The General’s daughter.
Savage.
Untouchable.
Zane moved again .
His wings unfurled fully, black and vast, blotting out torchlight until shadows swallowed the courtyard. His voice cut across the silence, low but carrying, edged with authority that brooked no refusal.
“Enough.” The word cracked like steel against stone.
Every cadet froze. Some dropped their eyes instantly, others stiffened like they wanted to challenge him—until his wings shifted, the air pressure forcing them half a step back.
Zane took another slow step forward, putting himself squarely between me and the crowd. His gaze swept the ring of cadets, unflinching, daring them to move. “You’ve all made your point. Now stand down. Before this turns into something none of you will crawl out of.”
For a long, tense beat, no one breathed. One by one, cadets lowered their stances. A few muttered curses, but no one stepped forward. The boy on the ground groaned, dragging himself back, blood smearing across the stones.
Zane kept his wings stretched wide until the noise faded into uneasy quiet.
When he finally folded them, the courtyard still felt smaller, like his presence alone pressed every cadet into line.
I could feel eyes lingering on me, my chest shimmer still too sharp, too alive.
I tightened my grip on the dagger, willing the strange pressure at my feet to vanish. It didn’t.
Esme’s voice brushed faintly against my mind, sly and knowing. “It’s beginning.”
I shoved the thought aside, swallowing hard.
Next to me, Zane exhaled slowly, his sharp eyes remaining fixed on the determined cadets who refused to look away.
He commanded them to stand down. He took charge effortlessly as the natural leader he was, though he might dislike hearing it.
He was next in line to be the duke, yet he preferred to deny that fact.
And just like that, the balance of the courtyard shifted.
Not only around me, but around him. Every cadet there saw it—Zane taking command, his wings dark banners over us both.
The courtyard began to thin out, cadets peeling away in hushed clusters, their eyes still darting quickly and furtively toward us.
Whispers tangled in the air—about me, about Zane, about the blood still smeared across the stones.
Zane’s hand closed firmly around mine, grounding me. His wings remained still exposed until the last of the crowd drifted away. Only then did he pull them back into himself, the air pressure easing.
“Come on,” he said, his voice low, roughened by the weight of command, “we should go.”
I let him guide me, sheathing my bloody dagger into my thigh sheath.

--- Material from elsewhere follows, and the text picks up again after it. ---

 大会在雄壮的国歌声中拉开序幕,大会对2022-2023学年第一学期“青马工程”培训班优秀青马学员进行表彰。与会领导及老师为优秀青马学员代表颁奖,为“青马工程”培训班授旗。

My shimmer refused to fade, the faint glow a reminder that everyone had seen more than I wanted them to.
We slipped through the quieter corridors, the sound of our boots echoing against the stone.

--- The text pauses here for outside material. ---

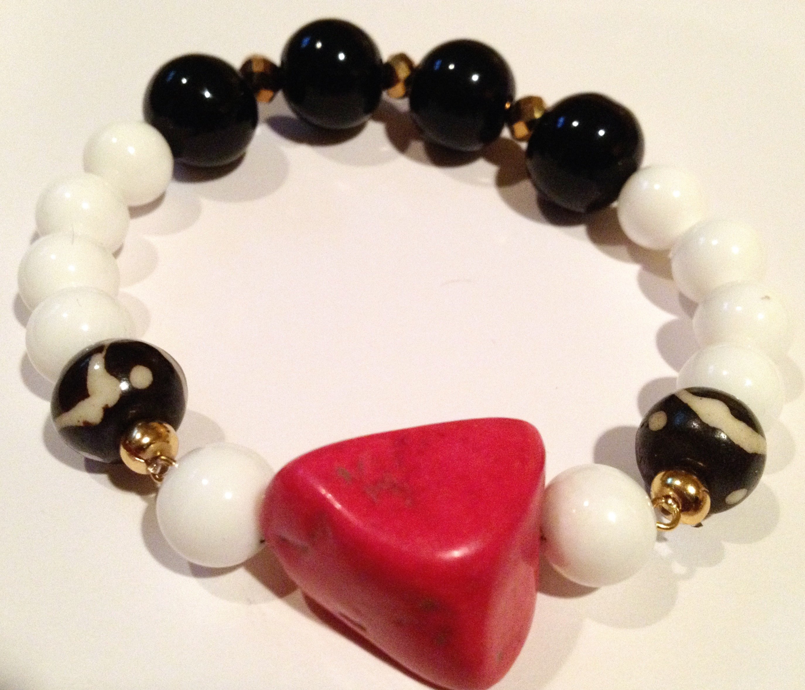 Chunky Red Stone cut in a triangle shape surrounded by black, white and tribal beads.

He didn’t speak, and I didn’t ask him to.
The silence stretched, heavy but safe, his presence cutting through the lingering dread that still clung to my skin.
At my door, he finally stopped. He didn’t let go of my hand, just turned enough to study me, his jaw set, his eyes darker than I’d ever seen them.
“You handled yourself,” he said, voice steady but tight. “But the next time someone comes for you like that—” His wings twitched, like they might snap open again. “—I’m not sure I’ll stop at just guarding.”
I swallowed, the weight of his words pressing against the frantic thrum of my heart. “Zane…”
He squeezed my hand once, hard, and then let go. “Rest, you’re safe now.”
“For now,” I murmured. I wanted to protest even more, but something in his gaze stopped me cold.
The protective fury that wouldn't bend, not that night.
My chest still shimmering faintly in the dark, and the door clicked shut behind him.
Only when I leaned back against the wood did I let my breath tremble free.
The shadows along the walls flickered strangely, as though they were following me inside.
Esme’s whisper brushed the back of my mind. “Closer now. Much closer.”